Directions for this task:
Output all of the data exactly as it appears, but leave out any pictures it contains.

Supplied information:
------------------------------------------------

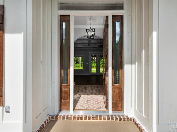 Stunning Custom-Built Home on One Acre in the Heart of Pace Welcome to this exquisite, newly constructed custom home, perfectly situated on a spacious one-acre lot with no HOA. Designed with both elegance and functionality in mind, this property offers 5 bedrooms, 3.5 bathrooms, and exceptional craftsmanship throughout—an ideal blend of luxury and everyday comfort for modern family living. As you step inside, you’re greeted by a beautifully appointed foyer featuring Chicago brick accents, setting the tone for the upscale design found throughout the home. The living room showcases coffered ceilings that add a touch of sophistication, while just off the foyer lies a well-placed bedroom. Beyond that, the expansive primary suite awaits, offering a serene retreat with tray ceilings, an antique barn door, and a spa-inspired ensuite bath. The primary bathroom features hexagon-tile flooring, a freestanding soaking tub, a glass-enclosed walk-in shower with bench seating, a private water closet, and dual custom walk-in closets. The chef’s kitchen is a true showpiece, equipped with quartz countertops, a farmhouse sink, and a professional 48" dual-fuel range with a 7-burner gas cooktop, cast iron griddle, and double electric ovens. Additional highlights include floor-to-ceiling cabinetry, a vent hood, under-cabinet lighting, a pull-out microwave drawer, herringbone subway tile backsplash, and an oversized island ideal for entertaining. You’ll also find a full-sized refrigerator and freezer, a spacious walk-in pantry, and a practical drop zone. The gage is thoughtfully designed to fit a king-cab truck, and the open dining and additional living areas offer ample space for gatherings. Upstairs, you'll discover a loft-style bedroom with a full bath, a flexible office or media room, and a walk-in attic for extra storage. Step outside to the covered lanai, featuring a gas fireplace and a dedicated area perfect for an outdoor kitchen—the ultimate setup for relaxing and entertaining.
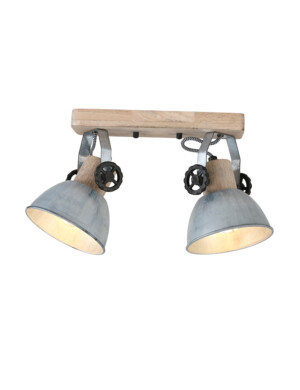Práctico y hermoso, dos robustos focos ajustables en un marco resistente de madera de caucho gris marrón. ¡Este foco de techo Gearwood también se puede colocar en la pared! Las dos pantallas metálicas en forma de semicírculo con un acabado mate en color níquel se pueden girar e inclinar hacia donde desees. Para esto, utilizas pequeños ‘engranajes’ industriales. Así puedes aportar ambiente y al mismo tiempo iluminar una obra de arte.
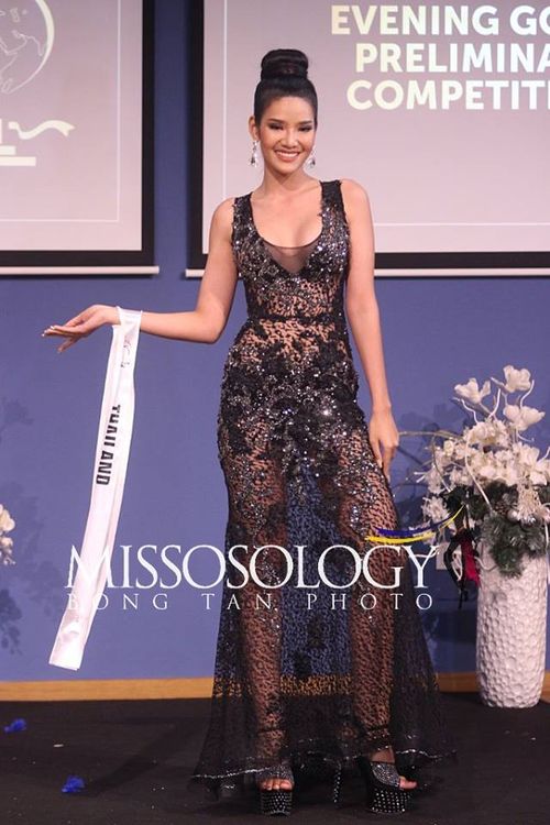 Đại diện Thái Lan khoe sắc trong bộ đầm xuyên thấu đen vô cùng gợi cảm. Chất liệu voan mỏng tạo vẻ đẹp nhẹ nhàng trong thiết kế trên.
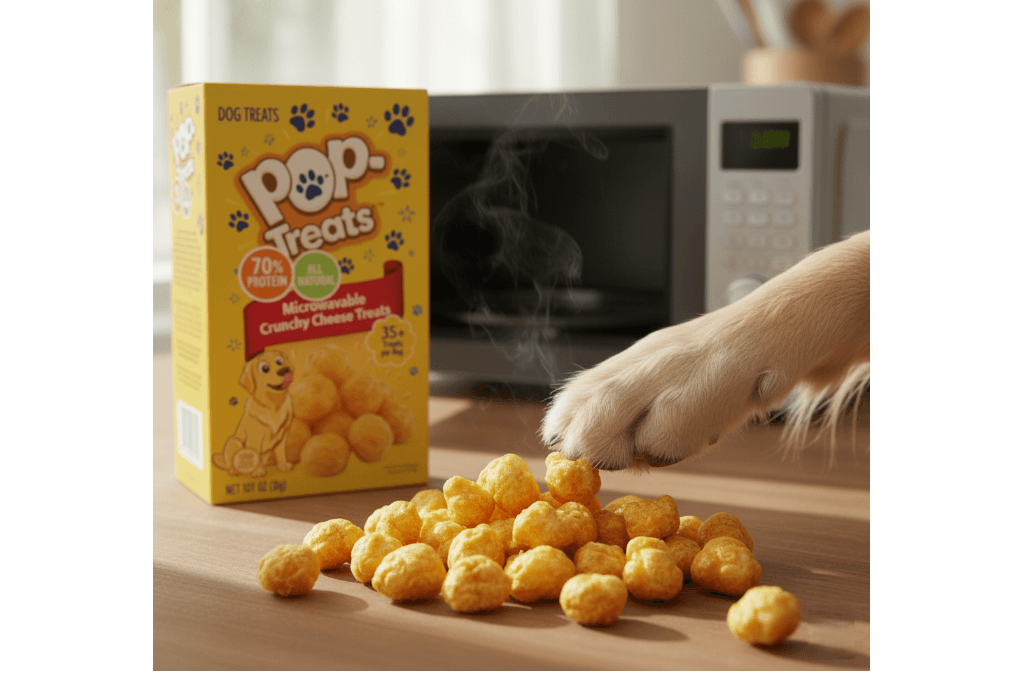Pop-Treats : Inspired by the popularity of popcorn, we've come up with a brand new concept in pet treats. Each Pop Treats pack is filled with small pieces of cheese that come to life in mere seconds in the microwave. So convenient and easy, it's like baking popcorn at home, but for your dog! Once heated, the smell of the freshly-made crunchy cheese treat is sure to make your dog's tail wag with delight. And the best part? Our product is all-natural, made from 100% milk and contains over 66% protein. Even better, it's lactose free so it's fully digestible. Treat your furry friend to a unique and delicious snack with Pop Treats. Give your pet the best with our fun and innovative concept!

------------------------------------------------

Task output:
 Stunning Custom-Built Home on One Acre in the Heart of Pace Welcome to this exquisite, newly constructed custom home, perfectly situated on a spacious one-acre lot with no HOA. Designed with both elegance and functionality in mind, this property offers 5 bedrooms, 3.5 bathrooms, and exceptional craftsmanship throughout—an ideal blend of luxury and everyday comfort for modern family living. As you step inside, you’re greeted by a beautifully appointed foyer featuring Chicago brick accents, setting the tone for the upscale design found throughout the home. The living room showcases coffered ceilings that add a touch of sophistication, while just off the foyer lies a well-placed bedroom. Beyond that, the expansive primary suite awaits, offering a serene retreat with tray ceilings, an antique barn door, and a spa-inspired ensuite bath. The primary bathroom features hexagon-tile flooring, a freestanding soaking tub, a glass-enclosed walk-in shower with bench seating, a private water closet, and dual custom walk-in closets. The chef’s kitchen is a true showpiece, equipped with quartz countertops, a farmhouse sink, and a professional 48" dual-fuel range with a 7-burner gas cooktop, cast iron griddle, and double electric ovens. Additional highlights include floor-to-ceiling cabinetry, a vent hood, under-cabinet lighting, a pull-out microwave drawer, herringbone subway tile backsplash, and an oversized island ideal for entertaining. You’ll also find a full-sized refrigerator and freezer, a spacious walk-in pantry, and a practical drop zone. The gage is thoughtfully designed to fit a king-cab truck, and the open dining and additional living areas offer ample space for gatherings. Upstairs, you'll discover a loft-style bedroom with a full bath, a flexible office or media room, and a walk-in attic for extra storage. Step outside to the covered lanai, featuring a gas fireplace and a dedicated area perfect for an outdoor kitchen—the ultimate setup for relaxing and entertaining.
Práctico y hermoso, dos robustos focos ajustables en un marco resistente de madera de caucho gris marrón. ¡Este foco de techo Gearwood también se puede colocar en la pared! Las dos pantallas metálicas en forma de semicírculo con un acabado mate en color níquel se pueden girar e inclinar hacia donde desees. Para esto, utilizas pequeños ‘engranajes’ industriales. Así puedes aportar ambiente y al mismo tiempo iluminar una obra de arte.
 Đại diện Thái Lan khoe sắc trong bộ đầm xuyên thấu đen vô cùng gợi cảm. Chất liệu voan mỏng tạo vẻ đẹp nhẹ nhàng trong thiết kế trên.
Pop-Treats : Inspired by the popularity of popcorn, we've come up with a brand new concept in pet treats. Each Pop Treats pack is filled with small pieces of cheese that come to life in mere seconds in the microwave. So convenient and easy, it's like baking popcorn at home, but for your dog! Once heated, the smell of the freshly-made crunchy cheese treat is sure to make your dog's tail wag with delight. And the best part? Our product is all-natural, made from 100% milk and contains over 66% protein. Even better, it's lactose free so it's fully digestible. Treat your furry friend to a unique and delicious snack with Pop Treats. Give your pet the best with our fun and innovative concept!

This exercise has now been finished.